What we can notice from the characterization in The Tale-Tell Heart is that Poe creates the character narrator like an insane man. The man says that he hears
the voice in heaven but certainly he does not. “I heard all things in the heaven and in the earth, I heard many things in hell” Poe, 1990 : 88. Here Poe does not show
the appearance of man’s character, but from what man says and does. The man is obsessed killing the old man who bears an extreme fear of his evil eye. Actually, it
is the evil eye that the man murders, not the old man. The old man has done nothing wrong to the man as Poe illustrates: “I loved the old man. He never
wronged me. He had never given me insult....” Poe, 1990: 88. The man’s obsession shows that he has owned mystery in his characteristic.
Why has he the heart to kill? In a deeper sense, the murder does have a purpose to ensure that the man does not have endured the haunting of the evil eye any longer.
The man suffers and commits a crime because of an excess of emotion over intelligence. So the mystery in the narrator had been solved. Poe relates how the
man believes the validity of previous statement: ‘... very dreadfully nervous I had been and am, but why will you say that I am mad? The disease had sharpened my
senses-not destroyed-not dulled them” Poe, 1990: 88. The disease in this case is obviously a severe case of emotion ad nervousness. The man has the reason and
plans but not to distinguish right from wrong. As stated by Robert Regan in his essays “... they approach us and speak to us what is true and what is so mysterious
as to confound our categories of truth and falsehood Regan, 1967: 10. Poe also
creates the police officers characters as the minor characters since they are not developed. However their appearance in the end of the story gives special
significance to the story. It increases the intensity of action of the story. The characterization in The Tale-Tell Heart is quite similar to the
characterization in the tale of The Black Cat. Here, Poe shows narrator, like the main character is an individual who suffers from mental disorder, who has owned
mystery too. For the first time the narrator shows his good behavior to his pets. “I was especially fond of animals, and was indulged by my parents with a great
variety of pets.
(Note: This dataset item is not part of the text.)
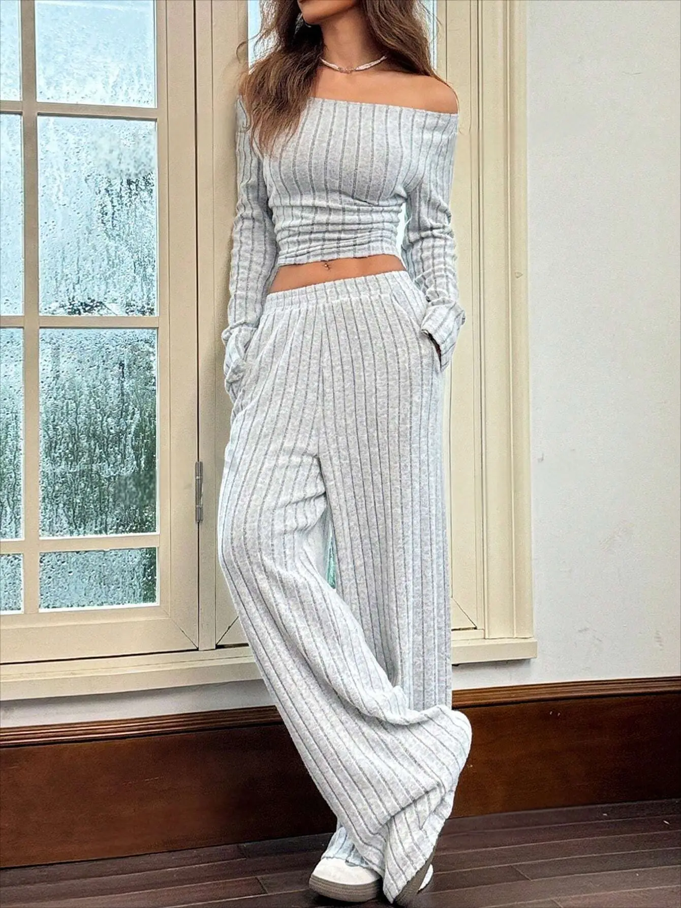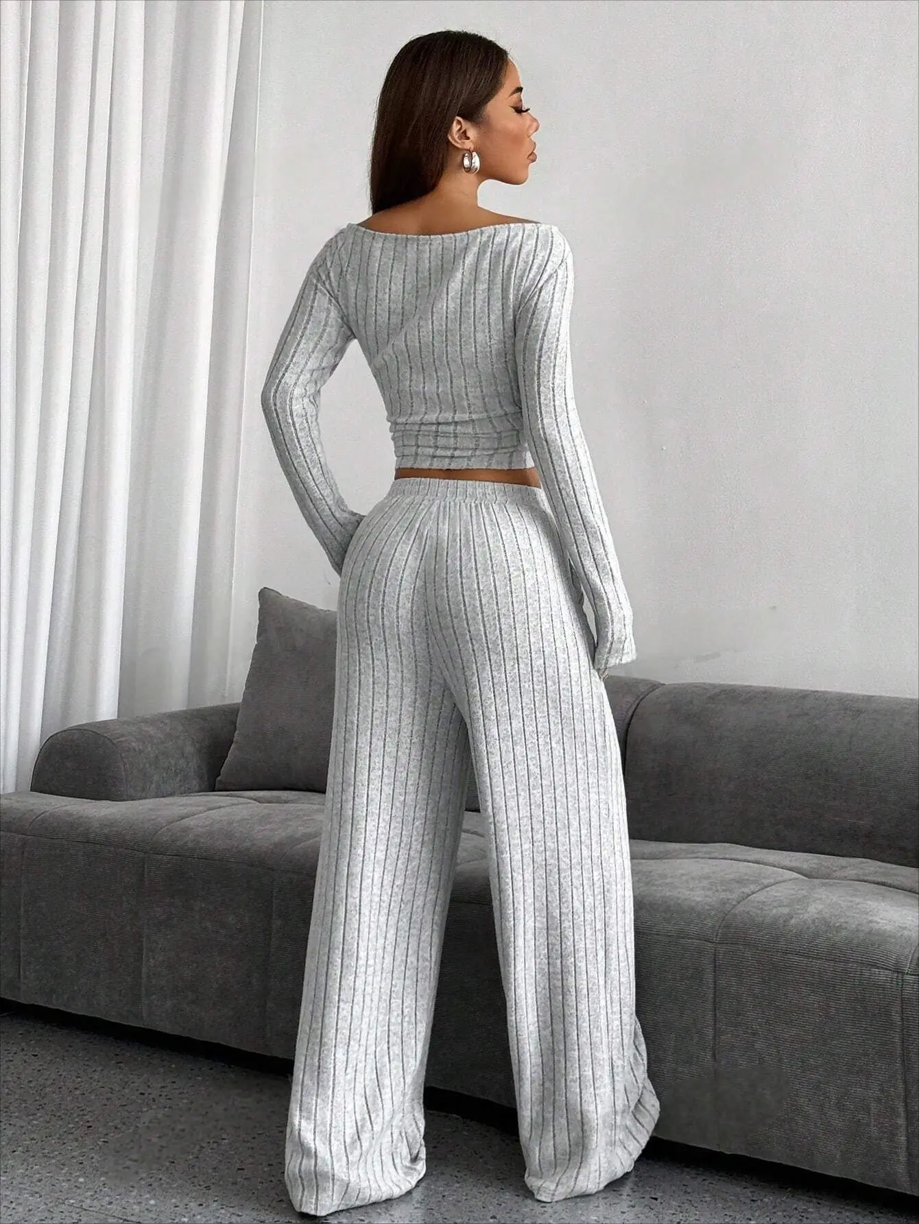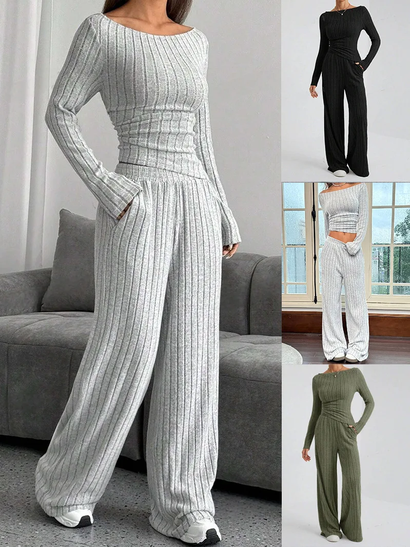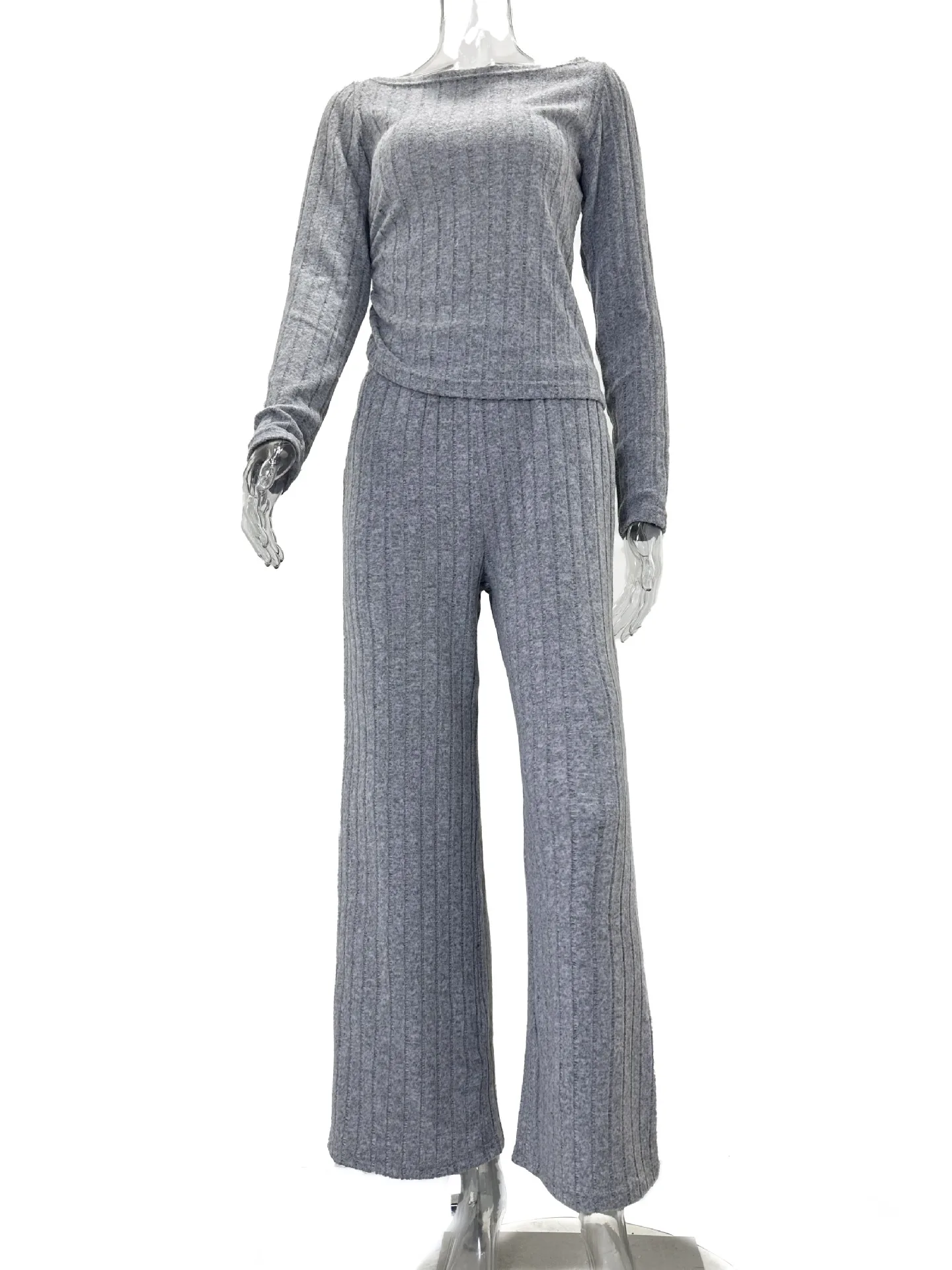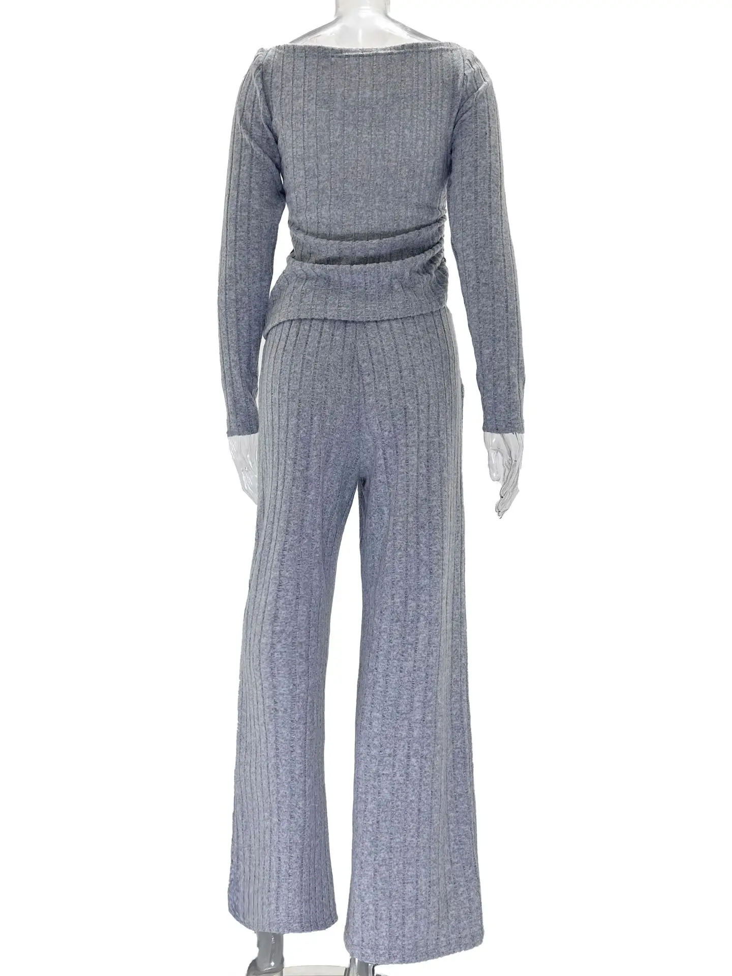 2024 Spring Knitted 2 Piece Sets Women Tracksuit Long Sleeve Vintage Sweater Crop Top Flare Pants Stretch Matching Suit Outfit

With these I spent most of my time, and never was so happy as when feeding and caressing them” Poe, 1990: 198. Suddenly, the narrator was
driven by mental disorder. He becomes high tempered and this is illustrated in the way he treats his cat. “I took from my waistcoat-pocket a penknife, opened it,
grasped the poor beast by the throat, and deliberately cut one of its eyes from the socket I blush, I burn, I shudder, while I pen the damnable atrocity” Poe, 1990:
200. The spirit of perverseness possesses the narrator. It urges him to commit continual evil acts. It can be seen in the way he kills his black cat. “... I had
inflicted upon the unoffending brute. One morning, in cold blood, slipped a noose about its neck and hung it to the limb of a tree. Poe, 1990: 201.
The narrator’s spirit of perverseness was possessed by evil thoughts. He unfortunately killed his wife by axe then inserted the body on the wall. He clearly
shows his very strange behavior. Though he commits a series of crime, he looks as if he were not guilty at all. “... I soundly and tranquilly slept; eye, slept even
with burden of murder upon my soul” Poe, 1990: 209. Through the actions of
the narrator, it can be inferred that in narrator’s character of strangeness convincingly creates mystery. Poe also presents the narrator’s wife and group of
police as the minor characters. They are not developing at all, but their presence supports the intensity of the action.